Occasionally during a long business career I would wonder whether what I was doing was at all beneficial to mankind. It might have been a stretch, but I could rationalize that by indirectly helping my company produce affordable apparel I was supplying one of people’s basic needs. I didn’t ponder the question very often because most of my time was divided between work and family. But when I retired after 40-plus years, I was able to revisit the question and maybe deal with it in a more honest and direct manner.
I suppose most people’s dream of retirement is to be able to do all the things you couldn’t when you had to spend the bulk of your time earning a living. In my case, traveling, gardening and playing golf were great, but they left a lot of hours to be filled. I remember spending the first winter of my retirement in Florida enjoying the weather but not much else.
The next winter I was doing tax returns for senior citizens and others of moderate means as a volunteer with the American Association of Retired Persons (AARP). It wasn’t the Peace Corps or Habitat for Humanity, but I am not too good at building houses, and my wife would probably object to my going off to a Third World country. Doing tax returns is something I’m good at, and I was helping people. I enjoyed the experience so much that I subsequently became the accountant for a volunteer organization at a hospital and, later, one at a nursing home. Two years after starting with the hospital, I joined SCORE.
SCORE is the Service Corps of Retired Executives, a nationwide organization of volunteers who offer advice to people wanting to start businesses or who are having problems with their existing small companies. The local group I joined had an office in downtown Cleveland. I’m sure there are people who view us as a bunch of older men and women just looking for an excuse to get out of the house and a place to hang out. I probably imagined the same thing before I got involved.
I remember wondering whether I could help a person who wanted to open a restaurant, a beauty shop or an office cleaning service. I’d spent my years in the corporate world of large organizations, and the problems I’d dealt with seemed a world apart from those of budding entrepreneurs. It soon became apparent, though, that the situations were not that different. Many problems require mostly common sense, and if you live long enough you acquire a lot of that. It’s a little like being back at work, solving challenging problems but without the pressure we all were happy to give up when we retired.
Sometimes our greatest contribution is to persuade a person not to go forward with a venture they’re certain will work. One woman came to us wanting to open a store and sell religious items like Bibles, religious CDs and choir robes. When asked why she wanted to give up her good job and undertake this venture, she said, “The Lord wants me to do it” — a tough argument to refute.

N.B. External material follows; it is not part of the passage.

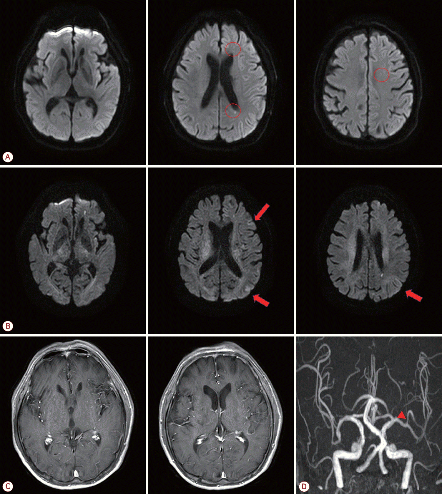 증상 발생 4시간 40분에 추가로 진행된 확산강조영상에서 처음 확인된 뇌병변 이외에 대뇌 피질을 따라 고신호 병변이 추가로 확인되었다(Fig. B). T1 조영증강영상에서 뚜렷한 연수막 조영증강은 확인되지 않았다(Fig. C). 한달 전 뇌수막염으로 입원하여 진행한 뇌혈관영상과 비교하여 경미한 좌측 중대뇌동맥 위분지에 동맥경화가 악화 없이 확인되었다(Fig. D).
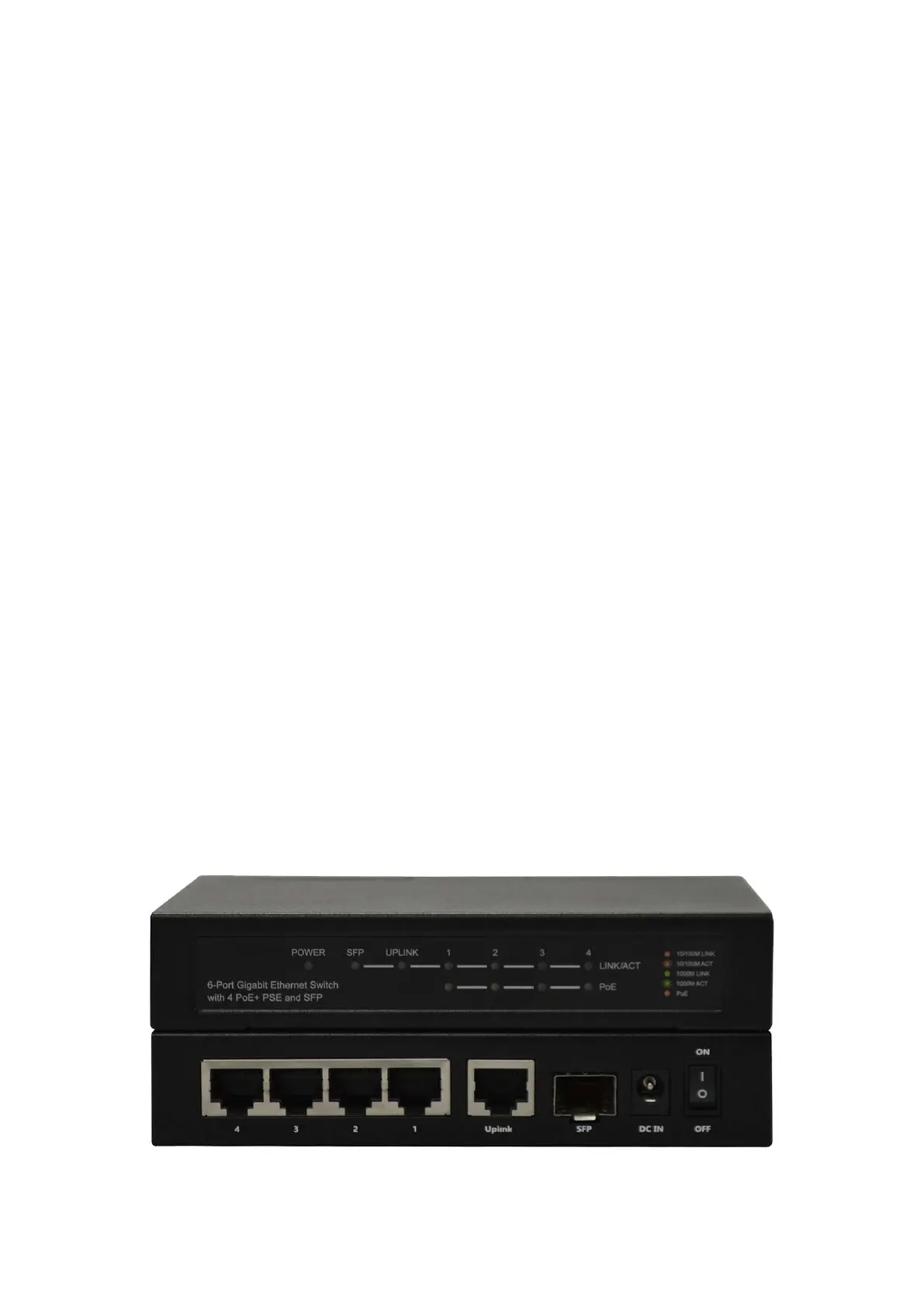 This is a 6-port Gigabit Ethernet Switch with 4 PoE+ PSE ports and 1 dual-speed SFP slot.

It took several sessions, but after taking her through the numbers we were eventually able to explain to her how many Bibles and CDs she would have to sell each day just to pay the rent on the store and replace her current salary, which she depended on to feed and shelter her family. To keep her right with the Lord, we suggested she arrange instead to sell her products through local churches. She could give them a share of the profits and keep her own finances secure. She left with a smile on her face.
Another time a man who had realized his dream of opening an entertainment center and restaurant was faced with seemingly insurmountable problems because of delays getting started. His losses threatened to wipe out the venture just as it was getting under way. It was apparent that he was extremely depressed, and his wife was concerned for his health. I made some suggestions to help him get through this difficult start-up period.
I also told him he needed to step back and see that the world would not end if the business failed. He had retired with a good pension, and while he might lose most of his net worth, he and his wife would still have a sufficient income to live reasonably well. I also reminded him that there are no longer debtor’s prisons. A month later I got a card from his wife saying how much better his outlook was and that the business was still operating. That day I went home with a smile on my face.
Getting to know people who have lived interesting lives is equally as interesting as discussing plans and aspirations with much younger people. During my time at SCORE I’ve counseled, among others, a dancer who wanted to open her own school, a woman who wanted to design and sell hip-hop clothing, and a young man who wanted to make movies.
At SCORE we talk about encouraging entrepreneurship, making a contribution to the economy and spurring economic growth, but what we are really doing is helping people.
I’ve decided this is how I want to spend my free time. It helps me go to sleep most nights feeling it has been a good and productive day.
Besides, it is a good excuse to get out of the house and a cool place to hang out.
Cal Cohen was vice president and chief financial officer of Bobbie Brooks Inc. in Cleveland.